Q: What if a defendant files for personal or biz bankruptcy before making all the payments of a settlement payment plan?
This is if both the defendant and attached business are named in the settlement. There would be a stipulation for entry of judgment attached to the settlement. The concern is the defendant defaulting and possibly filing bankruptcy prior to making payments.
A: More information is needed to determine how a bankruptcy may affect the settlement.
Once the defendant files for bankruptcy, whether it be personal or business bankruptcy, an automatic stay is generally issued. The automatic stay may legally prevent you from enforcing the settlement or collecting for a period of time.
Be mindful that the nature of the debt is a large factor in determining whether or not the debt at issue will be discharged in the bankruptcy. If the settlement you mentioned pertains to a debt that is non-dischargeable in bankruptcy, you may be able to collect and enforce the settlement at a later time.

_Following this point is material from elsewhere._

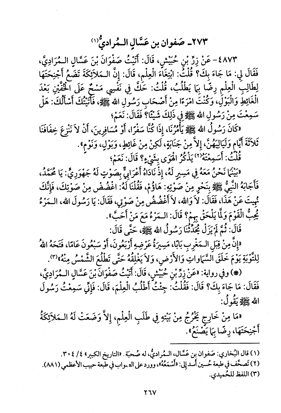 ٤٨٧٣ - عن زِرّ بن حُبَيش، قال: أتيت صفوان بن عسال المرادي، فقال لي: ما جاء بك؟ قلت: ابتغاء العلم، قال: إن الملائكة تضع أجنحتها لطالب العلم رضا بما يطلب، قلت: حك في نفسي مسح على الخفين بعد الغائط والبول، وكنت امرءا من أصحاب رسول الله صَلى الله عَليه وسَلم فأتيتك أسألك: هل سمعتَ من رسول الله صَلى الله عَليه وسَلم في ذلك شيئا؟ فقال: نعم؛
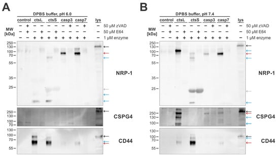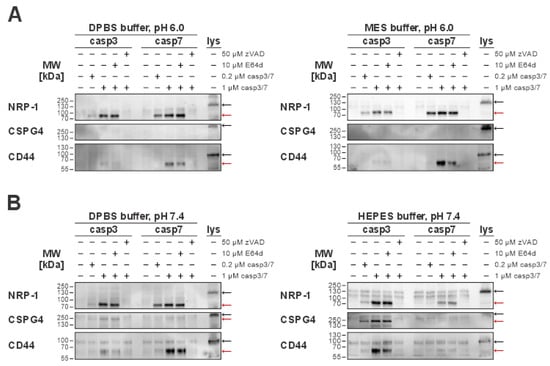 Immunological detection of caspase-mediated cleavages of extracellular proteins in normal (pH 7.4) and acidic (pH 6.0) environments. For the detection of extracellular cleavages, MDA-MB-231 cells were used. Red arrows indicate bands representing cleaved fragments, while black arrows indicate full-length proteins present in total cell lysates. (A) Detected caspase-3 or -7 extracellular cleavages of the selected targets (NRP-1, CD44, CSPG4) in an acidic (pH 6.0) environment in either DPBS or MES buffer. (B) Detection of caspase extracellular cleavages in a normal (pH 7.4) environment using either DPBS or HEPES buffer. NRP-1, neuropilin-1; CD44, CD44 antigen; CSPG4, chondroitin sulfate proteoglycan 4.

However if debt is a dischargeable debt, you may be out of luck.
I encourage you to speak to a knowledgeable bankruptcy attorney in your state.
Timothy Denison agrees with this answer
A: If your claim against the individual defendant falls within one or any of the exceptions to discharge, you/your lawyer should draft your settlement documents to clarify that, i.e., borrow/paraphrase the language of the bankruptcy exception.
Note that the bankruptcy court has the power to "look behind any judgment" to determine whether the underlying claim(s) fall within any of the discharge exceptions, so the wording of any settlement/consent judgment will be subject to bankruptcy court review.
Corporations are not eligible for a Ch.7 Discharge, although a a Ch. 11 plan can be confirmed that does effectively provide for a corporate foregiveness of debt.
A bankruptcy discharge is a right sourced to the US Constitution, and for which the US Bankruptcy Code provides in detail. As a federal statute, the Bankruptcy Code is the supreme law of the land and no state law, or court, can supersede the Bankruptcy Code.
A: It depends on several factors including: type of bankruptcy filed, whether the individual or corporation filed bankruptcy; whether the settlement provided for some security on assets of the defendants;type of claim such as breach of contract or fraud, etc. I urge you to talk with an experienced bankruptcy attorney in order to provide more details to the attorney and get a more specific response. Many of us offer a no charge half hour phone consultation which can provide an overview of issues depending upon the facts.
A: You really need to sit down with a Bankruptcy attorney to determine what options are available to you. Then you will know if you need to do anything proactively or just wait and see if they file.
A: Under a ch. 7 filing you file a claim for the full amount you were owed. You will not get that from the bankruptcy Trustee as he has to split the pie with his fee and the other creditors. The settlement agreement may be interpreted as paying off a lump sum. When the bankruptcy says the debt is discharged it is gone Your only recovery is what the Trustee gets from the debtors assets if any (shared with other creditors).
A: Did the individual file an asset or a no asset chapter 7 bankruptcy case?
If an asset chapter 7 bankruptcy case was filed then as a creditor you have a certain amount of time to file a form with the bankruptcy court to be eligible for an asset distribution in the case.
On the other hand, if a no asset chapter 7 bankruptcy case was filed then you would have a deadline to file an action on the bankruptcy case to ask the Court the debt not be discharged (assuming the type of debt falls within one of the bankruptcy discharge exceptions).
In either scenario, you will want to hire an experienced bankruptcy lawyer to review your rights as a creditor.